Another of our sources, Understanding Blind People’s Experiences with Computer-Generated Captions of Social Media Images helped inform our perspective on the auto-generation of image descriptions done by Word and PowerPoint when the user inserts an image that is missing alt text. They investigated the trust that blind and low vision users place in computer-generated captions of social media images based on phrasing. They focused on Twitter and found that participants placed a great deal of trust in the auto-generated captions, often resolving differences between the tweet text and an incongruous caption by filling in imagined details. They concluded that users are trusting even of incorrect AI-generated captions and encouraged questioning of the accuracy of AI captioning systems. This helped inform our perspective that the auto-captioning done by Office applications, which were not very accurate in our testing, should not be relied upon by users to provide accurate image descriptions. Furthermore, since these auto-generated captions do not take the context of the documents into account, they will necessarily not be good image descriptions according to the perspective of users in the source mentioned above.

Finally, the paper “It’s Complicated”: Negotiating Accessibility and (Mis)Representation in Image Descriptions of Race, Gender, and Disability helped inform our add-in’s guidance on how to write good image descriptions with people in them. The paper motivated the importance of not making assumptions about people’s gender, race, disability, and other identifying characteristics based on an image alone, and not describing them in the alt text of an image unless they have the photographed person’s consent. This is one of the emerging spaces of respectful dialogue that we really felt was not well captured by out-of-the-box alt text guidance in Office applications, which does not touch at all on how to describe people. The guidance provided by this paper on how to describe people respectfully was very helpful in guiding our implementation.

Solution: What did you do in your project- what did you design or implement?
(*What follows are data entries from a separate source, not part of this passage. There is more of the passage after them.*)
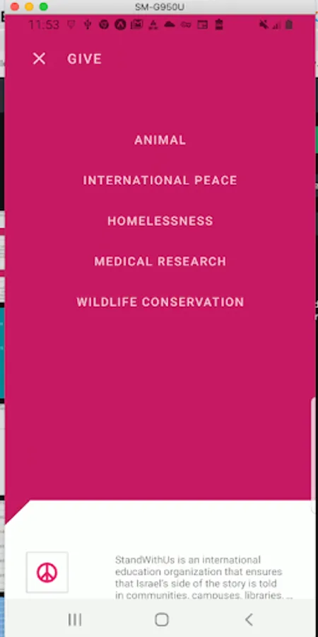 5 causes from the CharityNavigator API are presented in a backdrop menu implementation:
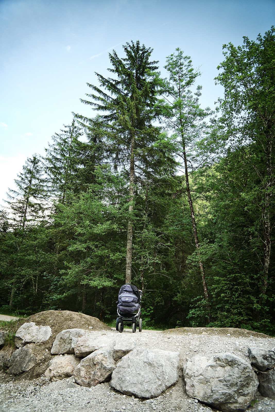 Letztere lassen wir aber rasch hinter uns, als wir zunächst der Straße durch Siedlungsgebiet zum Taleingang folgen. Wichtig für Kinderwägen: Ein Weiderost lässt sich rechts durch ein kleines Gatter umfahren.
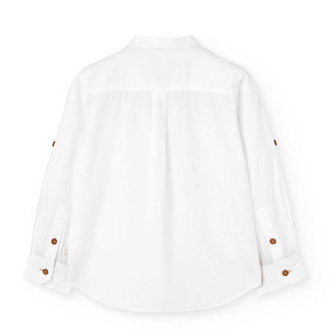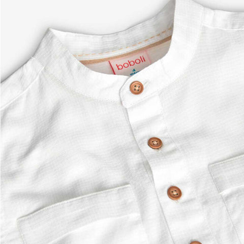 Long-sleeved shirt from the Boboli Children's Clothing Line, with a mandarin collar, pockets on the front, and wooden buttons.
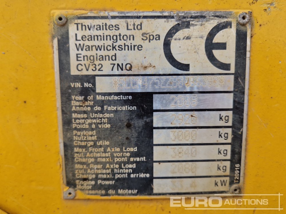 Thwaites 3 Ton High-Tip Swivel Skip Dumper, Roll Bar (Meter Reading: 912 Hours) - SLCM475ZZ80486392
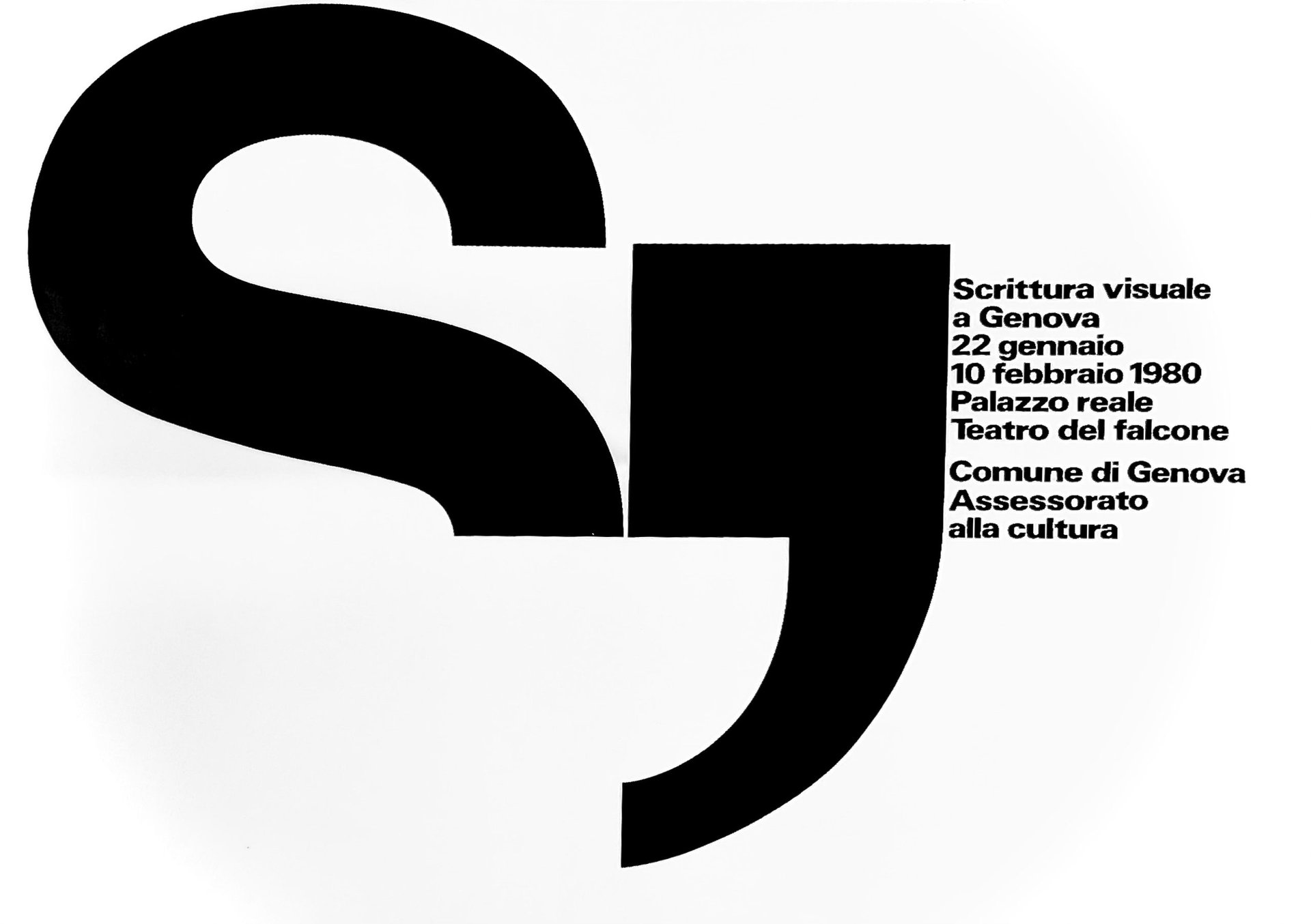 Manifesto per la mostra "Scrittura visuale a Genova", prima mostra di artisti liguri di Poesia Visiva organizzata dall'Assessorato alla Cultura di Genova, ideazione grafica di AG Fronzoni.
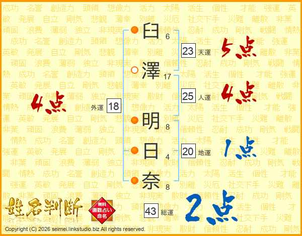 臼(6画)澤(17画) 明(8画)日(4画)奈(8画)
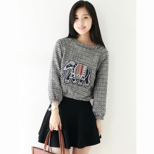 时尚简洁的圆领,插肩袖长袖设计,松紧收袖口及下摆,修身身形,胸前可爱小象刺绣图案贴布,十分灵动呢~略显宽松的款式,胖瘦M
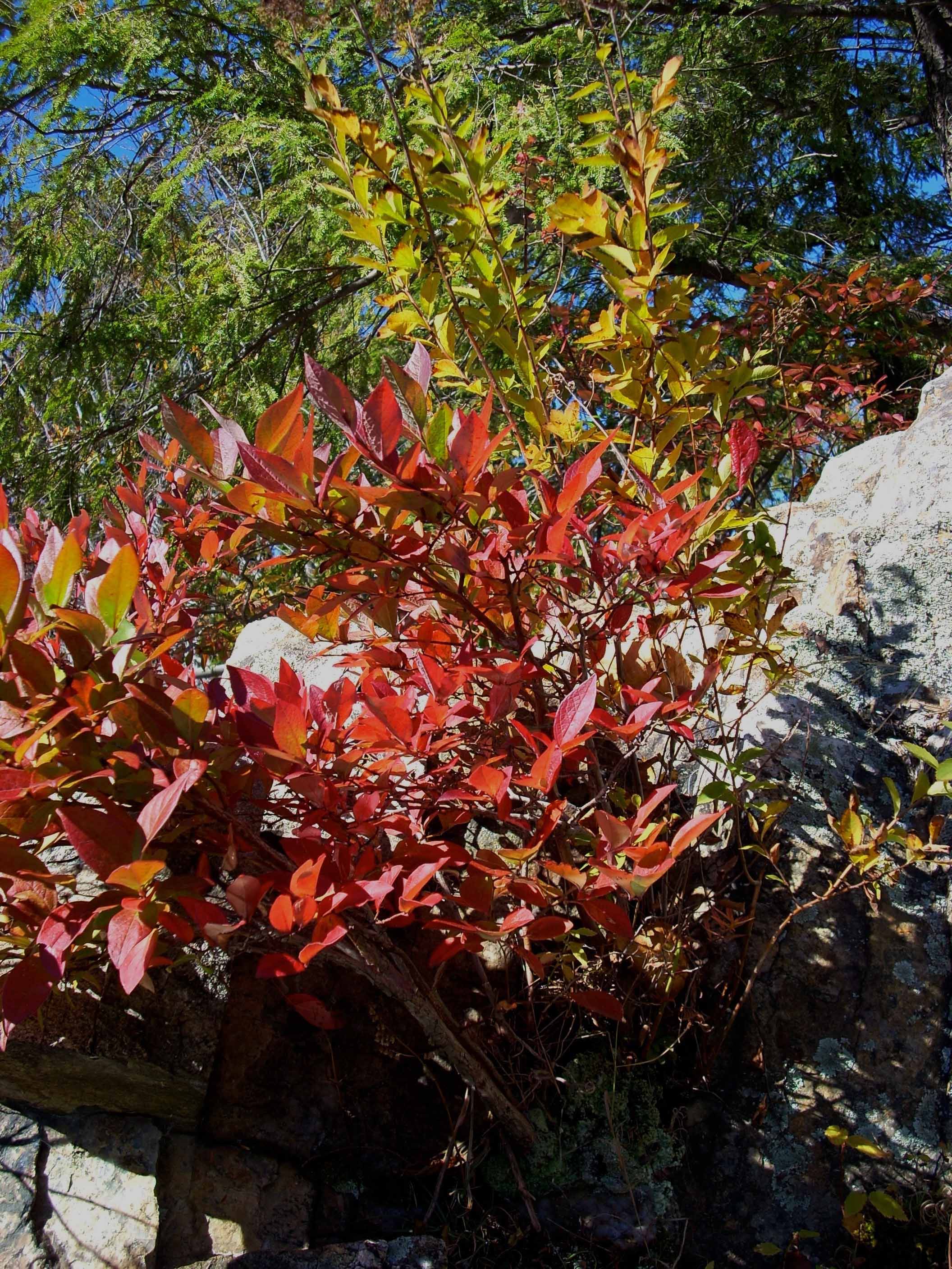 My husband had gone off to fish for a while, and I paddled slowly off to have a quiet moment, and to be "still" for a while. Something seemed to almost beckon from a small island in the middle of the lake to come closer. There were some rocks at the base of the island, where the water met the shore. There were actually small plants or bushes that were growing right out of those rocks, that were changing their colors with the season.
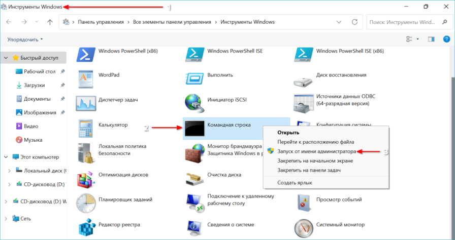 Чтобы запустить командную строку от имени администратора, нажмите на ярлык правой кнопкой мыши и выберите соответствующий пункт.
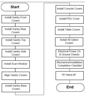 To reinstall the gantry base covers, reverse the above steps, putting on the covers in the order of front, sides then rear covers
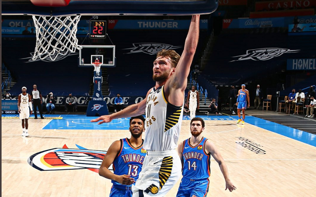 Οι Πέισερς ήταν εκπληκτική στην έδρα των Θάντερ καταγράφοντας ρεκόρ παραγωγικότητας στην ιστορία τους με την νίκη που πέτυχαν με 152-95. Δεν ήταν όμως το μοναδικό ρεκόρ που καταγράφηκε στον αγώνα, αφού ο Σαμπόνις έκανε triple-double από το ημίχρονο.
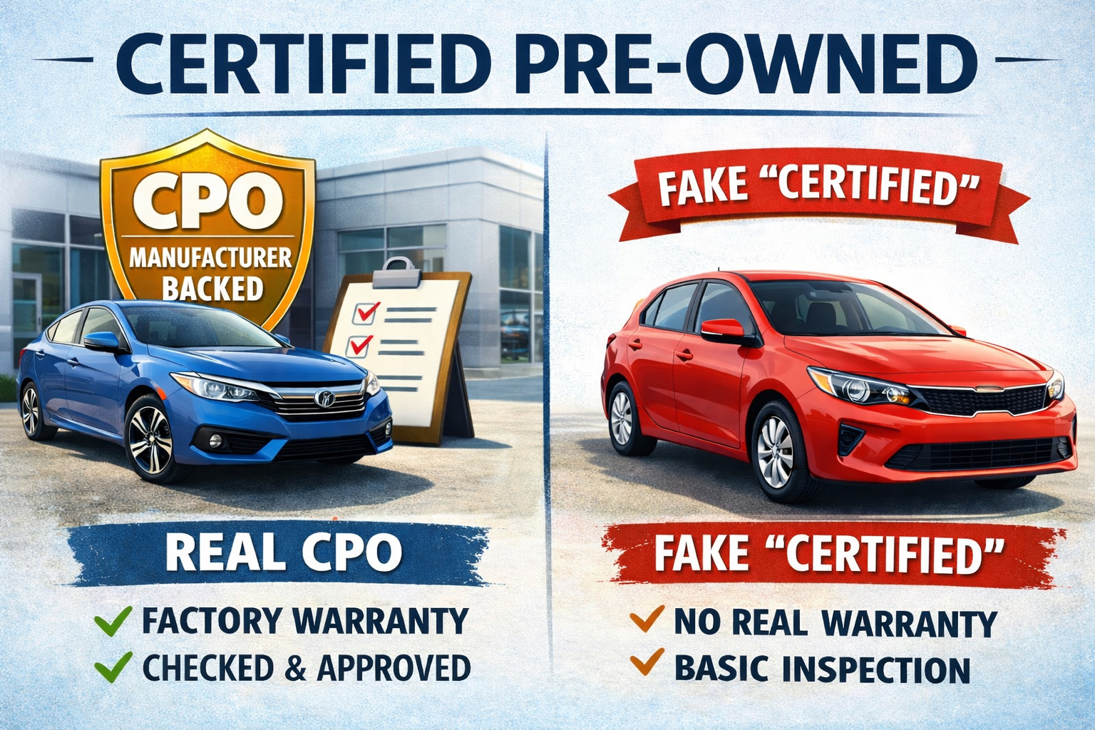 A true Certified Pre-Owned (CPO) can only be sold by new car dealerships of the same brand. For example, you can buy a CPO Toyota Camry from a Toyota dealership, but you cannot buy a CPO Toyota Camry from a Honda dealership. The CPO is backed by the manufacturer, and the vehicle comes with a factory warranty. These vehicles consist of only about 20% of used vehicles at a new car dealership, so the CPO is considered a premium vehicle. As you would expect, the CPO vehicle also commands a premium sale price. It must be noted that while most used car dealerships advertise their vehicles as, "certified", these vehicles are never considered CPO vehicles for lemon law purposes.
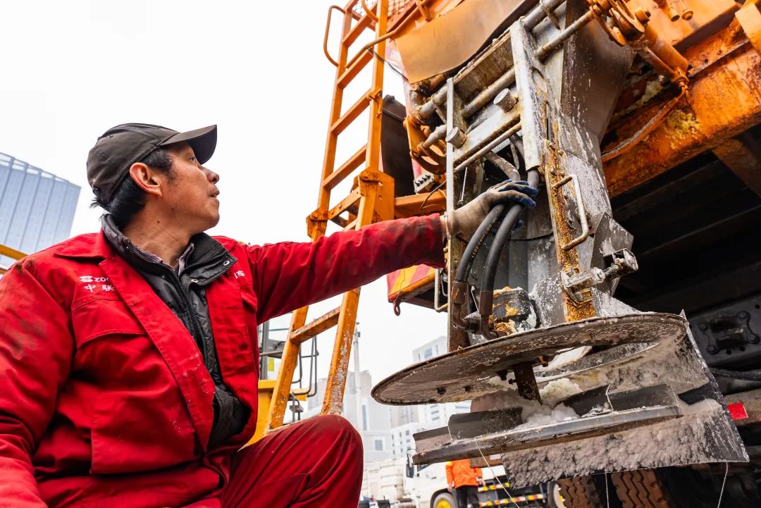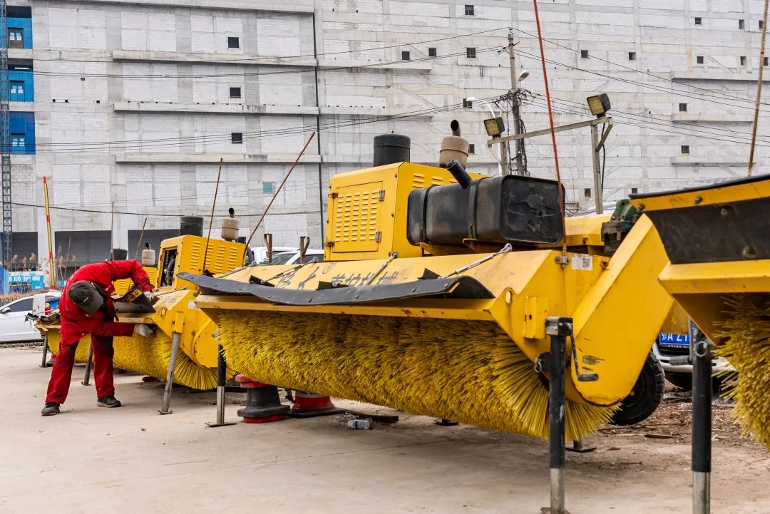 19日上午在团结路停保场,武昌城管二桥清洁队便组织环卫人员将撒布机全部填装好融雪剂,确保在道路结冰时能够及时进行处理。同时,清洁队还将雪滚车及铲雪车全部进行维保后的最后检查,确保新一轮风雪来袭时,这些重要设备能够随时上场,为城市道路的畅通和安全提供有力保障。
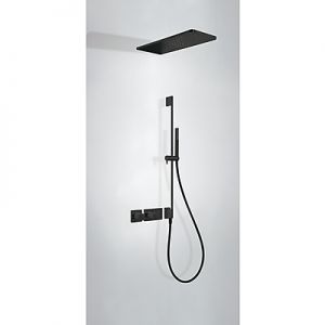 Комплектація: вбудований змішувач з термостатом, розпилювач душовий INOX 210х550 мм, ковзна штанга з настінним водозабором (довжина 760 мм), з ручний душ з антивапняним покриттям, шланг 1,5 м. - чорне матове покриття, механізм проти скручування
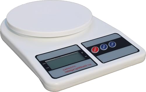 - ميزان مطبخ رقمي الكتروني محمول متعدد الاغراض ، جهاز وزن مع شاشة LCD باضاءة خلفية ، ابيض ، 10 كجم - من رنا ستور

We built an Office add-in for Word that users can add to their installation of Word to help them write better alt text, more consistently. The add-in technically supplements, but would functionally replace, the existing UI for adding alt text to an image. It has a couple of key features:

By helping content creators remember to add informative alt text, hopefully we can improve the experience of blind and low-vision users reading them.

Validation: What did you validate/what was your validation approach? What were the results of your validation?

We approached our project with two intentions of validation. First we were trying to validate if this JS plug was this technically feasible and does it smoothly function within Office products. As mentioned, we wanted to develop this for PowerPoint, however the add-in API to image descriptions did not seem to be working as intended, to verify this was feasible we initially we approached the Office developers in two ways: first, after reading the documentation, it seemed that this is supported, but in practice it does not work, so we opened them an isuse on the official office-js github repo which to this date remains assigned but unanswered. Second, we posted a question in StackOverflow their official tag (office-js), we recieved an answer eventually by a developer in PowerPoint, confirming this is not supported. Due to the uncertainity and delayed answers, we prematurely pivoted to Word as it was explained earlier, here we based our work on the documented APIs to retrieve/modify image descriptions and to attach handlers upon user events, which validated this add-in was feasible to build based on the active selected element (rather than automatically prompting on created images).

The second validation we worked on was validation of our premise. Does more information about alt text best practices improve a content creator’s image descriptions. Although inuitively true we wanted to be see what would change for ourselves. We developed two Google forms with 3 images. The first form just asked for image descriptions (alt text). The second form included the object-action-context mantra and shared the ‘intent’ of the image in the hypothetical content. We sent this out to our class, asking those with even / odd birthday dates to go to form A/B. We did talk about how our population wasn’t refelctive of a real world population since it was made up of students who have recently studied accessibility technology and best practices.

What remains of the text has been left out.